Y para probar mi voluntad, el paquete de cigarrillos quedó bien a la vista por un tiempo.
Me gustaba fumar. Fumar era para mí un verdadero placer, como dice el tango. Sé de mujeres que fuman mientras planchan, cocinan y hasta cuando les dan de mamar a sus hijos.
Yo no. Tal vez por mi incapacidad de hacer muchas cosas al mismo tiempo o de abstraer el goce de entre las obligaciones cotidianas.
Me encantaba fumar, el sabor del tabaco en la boca con el gusto del café hacen una pareja extraordinaria; me gustaba sentir cómo el humo entraba en mí y salía dibujando figuras curiosas en el aire.

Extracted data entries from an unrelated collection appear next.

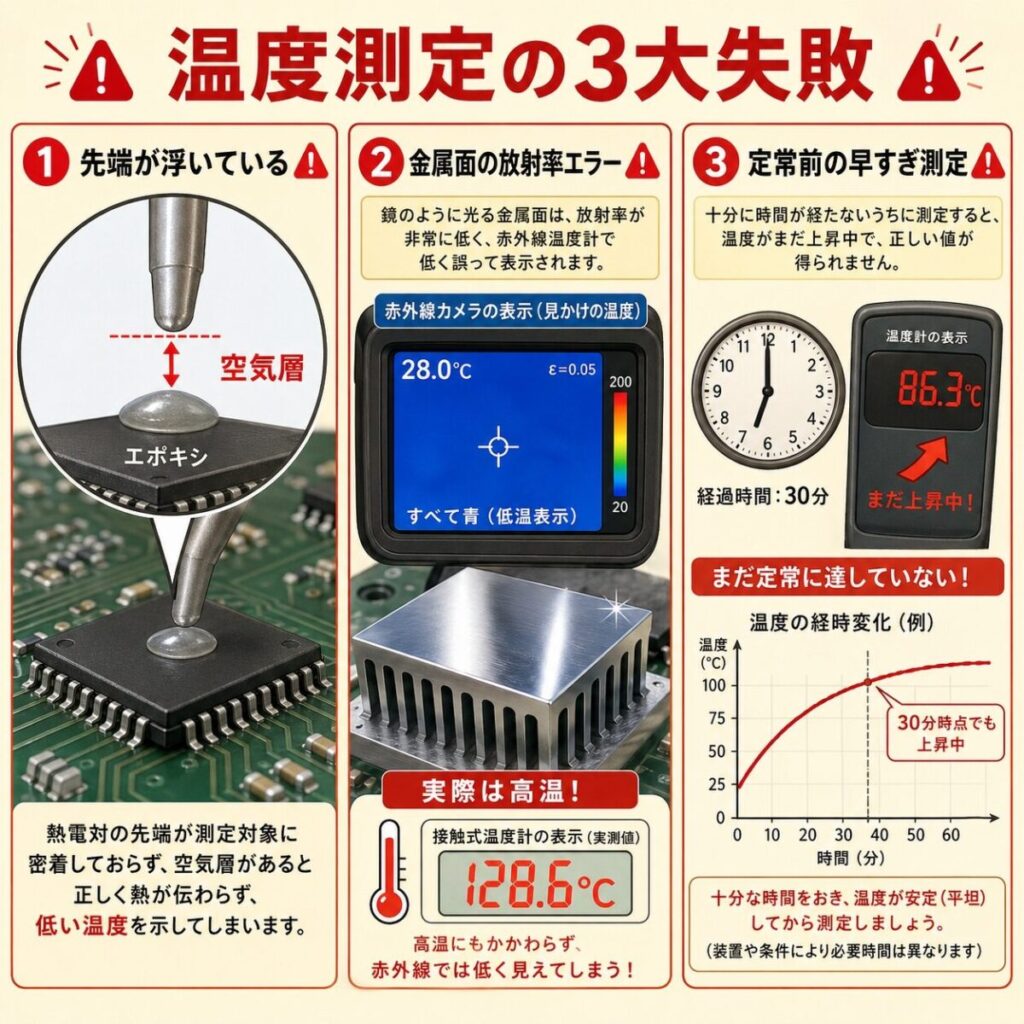 熱設計は「計算」と「実測」の両輪で完成します。どんなに緻密に計算しても、実機の組み立て公差・部品ばらつき・周囲環境の違いで結果は変わります。だから必ず実測で検証するのですが、温度測定は意外と難しく、間違った方法では真実が見えません。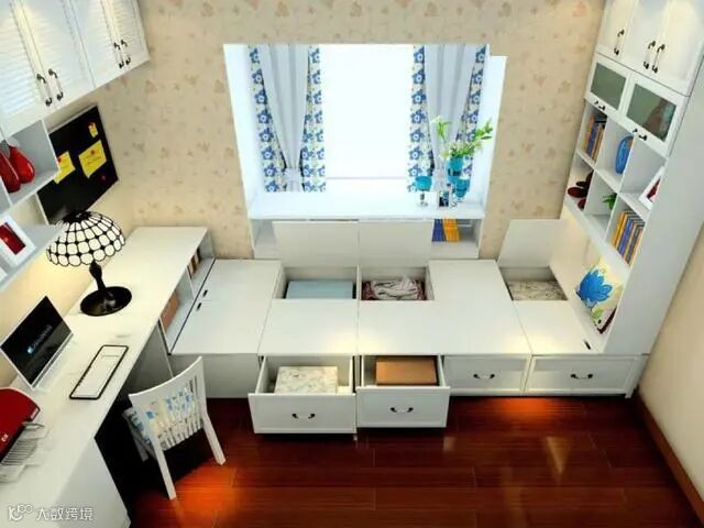 增大飘窗下面镂空做成抽屉可以更好的收纳,并且闲暇时可以躺在上面休息,给孩子做成玩耍的地方也很不错,旁边做一个书桌孩子可以写作业,或者做成梳妆台也很不错。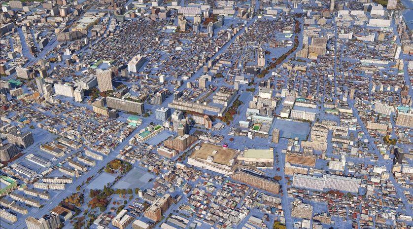 这个Google Earth模拟显示东京海平面上升了1.3米。(图片:Google Earth)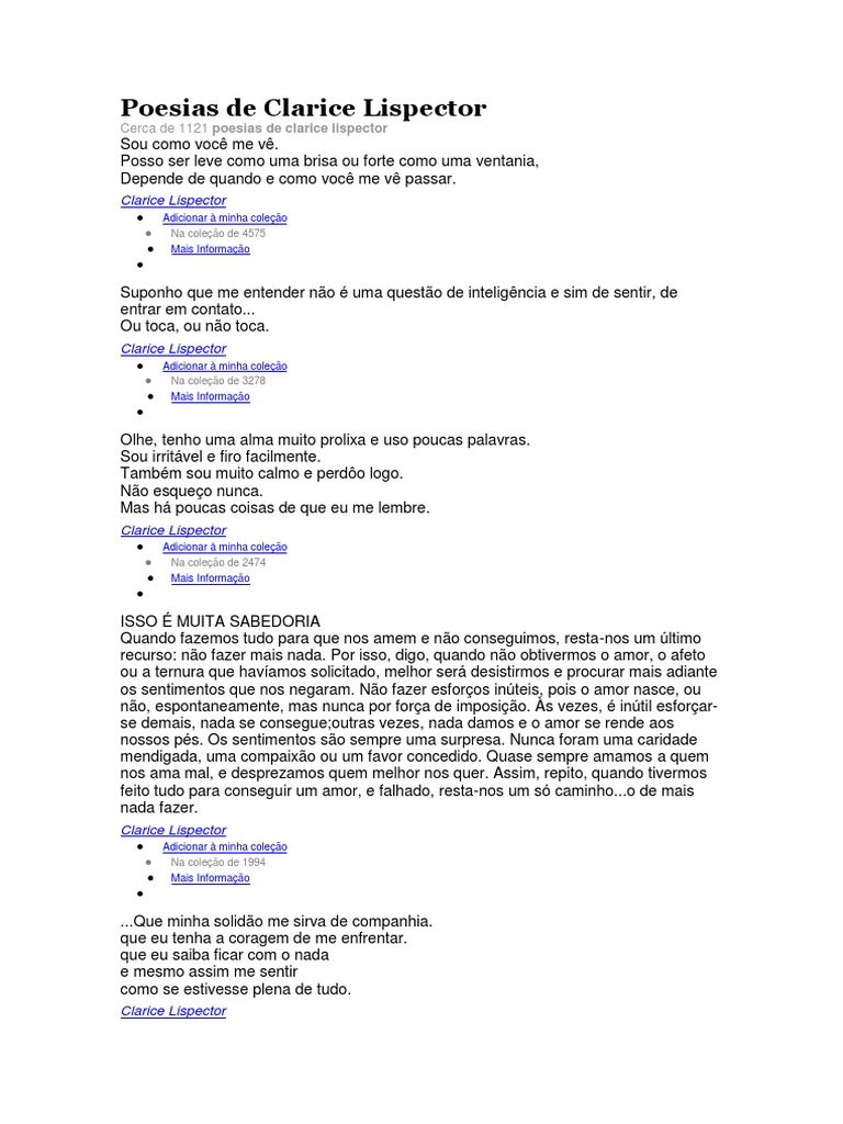 Poemas Eou Poesias Clarice Lispector Notï½cias O Melhor Do https://www.pinterest.com/pin/257760778653036941/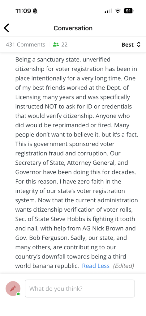 As an example of how some citizens view their government, below is a comment from a KOMO story this week.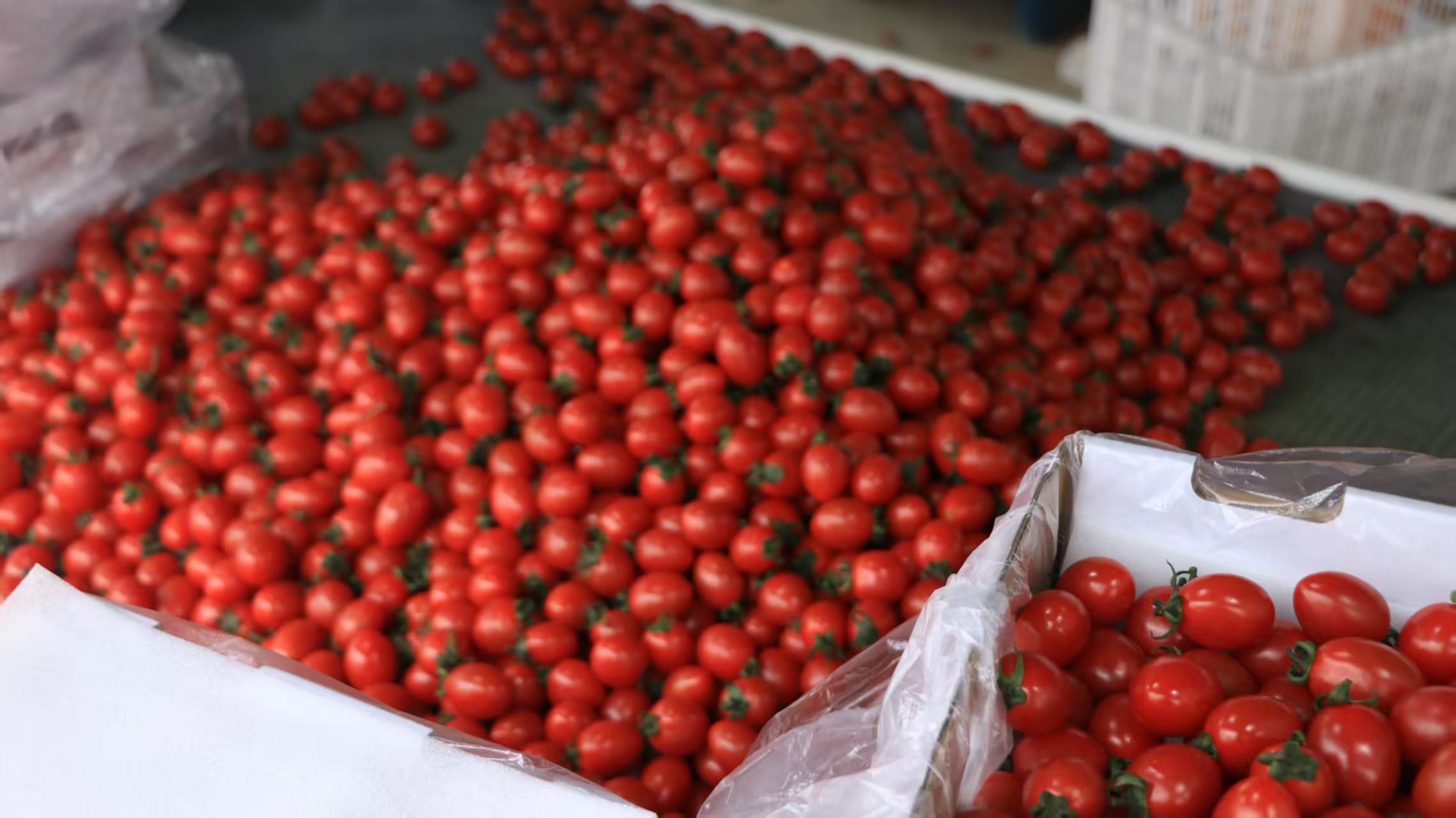 “姜驿乡土地资源丰厚,光照足、昼夜温差大,有利于糖分积累,得天独厚的气候条件滋养出来的番茄口感清甜、皮薄肉脆、营养丰富,我们到这里种植蔬菜已经3年了,目前基地面积已经有蔬菜种植大棚210个,种植种类覆盖番茄、黄瓜、西瓜等多个品种,主要销售到上海、广州等地。目前上市的小番茄单价稳定在10元/公斤,预计收入在360万元左右。基地负责人刘亚辉介绍道。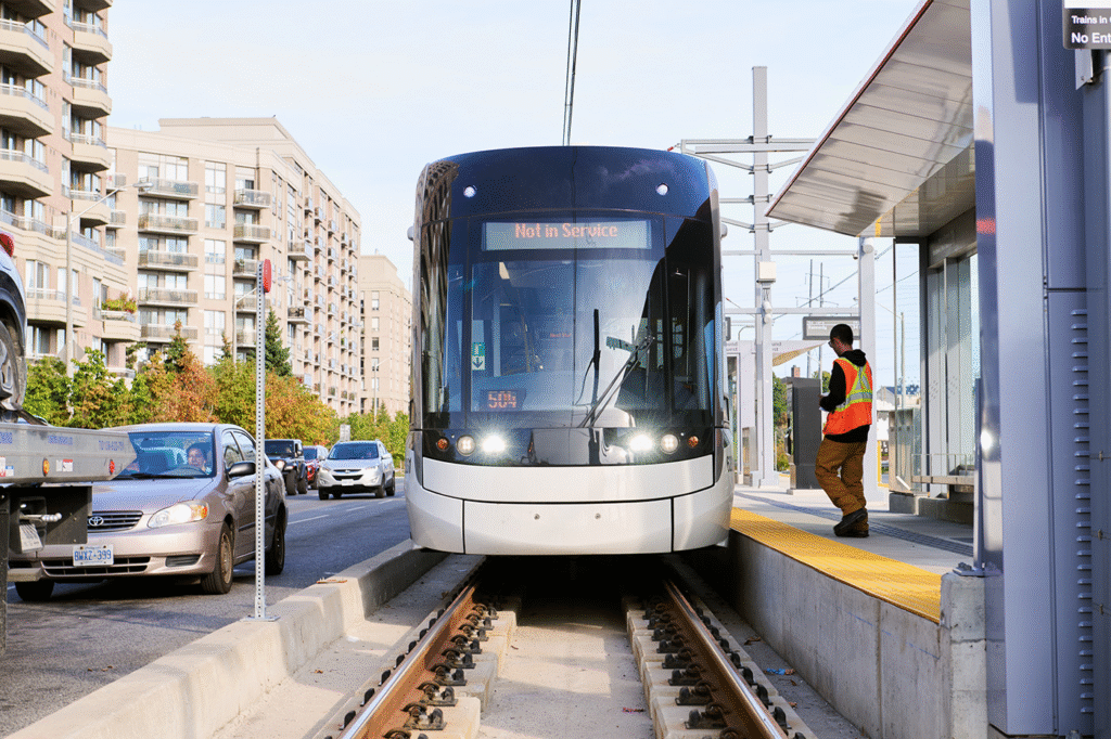 在多伦多 Eglinton Avenue 的路中央,测试列车已经跑了很久:车厢崭新、站台齐整、提示音照常响起——但车上没有乘客。沿线的公交乘客与车流继续被挤在有限车道里穿行,Eglinton Crosstown LRT(Line 5)则像一条“看得见却坐不上”的轨道,成了城市公共工程延误的代表性符号。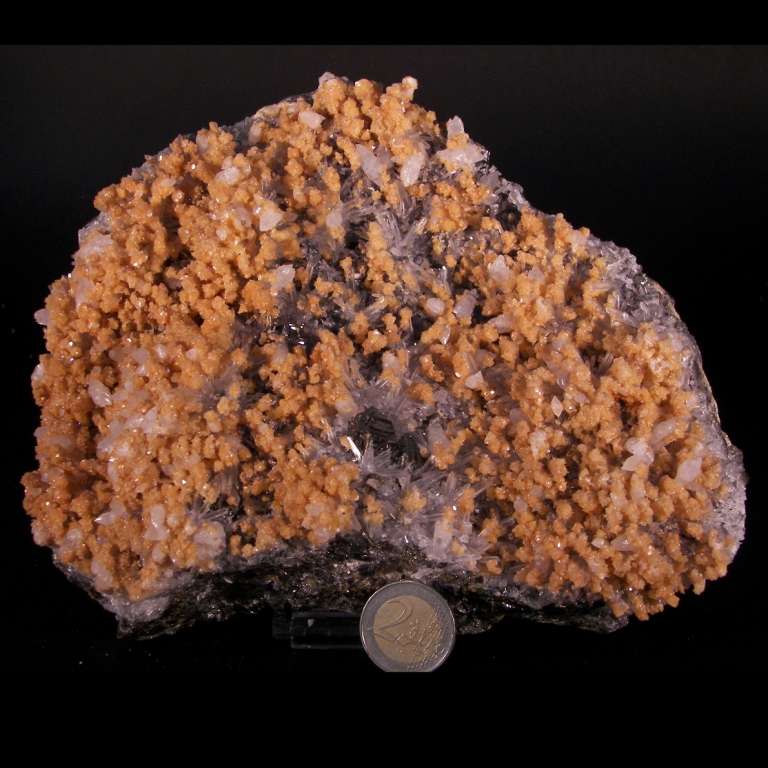 DIMENSIONE SINGOLI CRISTALLI: I cristalli di quarzo hanno dimensione media 2*2mm, altezza 12-15mm, la tetraedrite è 15*15mm, mentre la calcite bianca è biterminata, con dimensione 5*5mm, quella di colore arancio è microcristallina, il pezzo è cristallizzato a galena e calcopirite nella parte posteriore.

Era un placer solitario y un disfrute compartido porque en grupo, el cigarrillo es casi como el mate. Se invita, te tienta, se comparte y reparte.
Nunca fumé de mañana.
El primer cigarrillo era mi postre, después de almorzar.
Terminada la comida, me levantaba y buscaba ahí, en ese rincón de la cocina donde el paquete descansaba siempre.
Un día decidí dejar de fumar, y dejé.
Pero el gesto de levantarme a buscar el cigarrillo al rincón de la cocina, me acompañó durante mucho tiempo.
Como cuando murió B. y sin pensar-pensaba comprarle palabras cruzadas.
Creo que los gestos aprendidos tardan más en irse. Las presencias quedan en los gestos.
Por eso tuve cuidado de no pisarla cuando bajé de la cama esta mañana.
··º··
¿Serás, amor, / un largo adiós que no se acaba?/ Vivir, desde el principio, es separarse.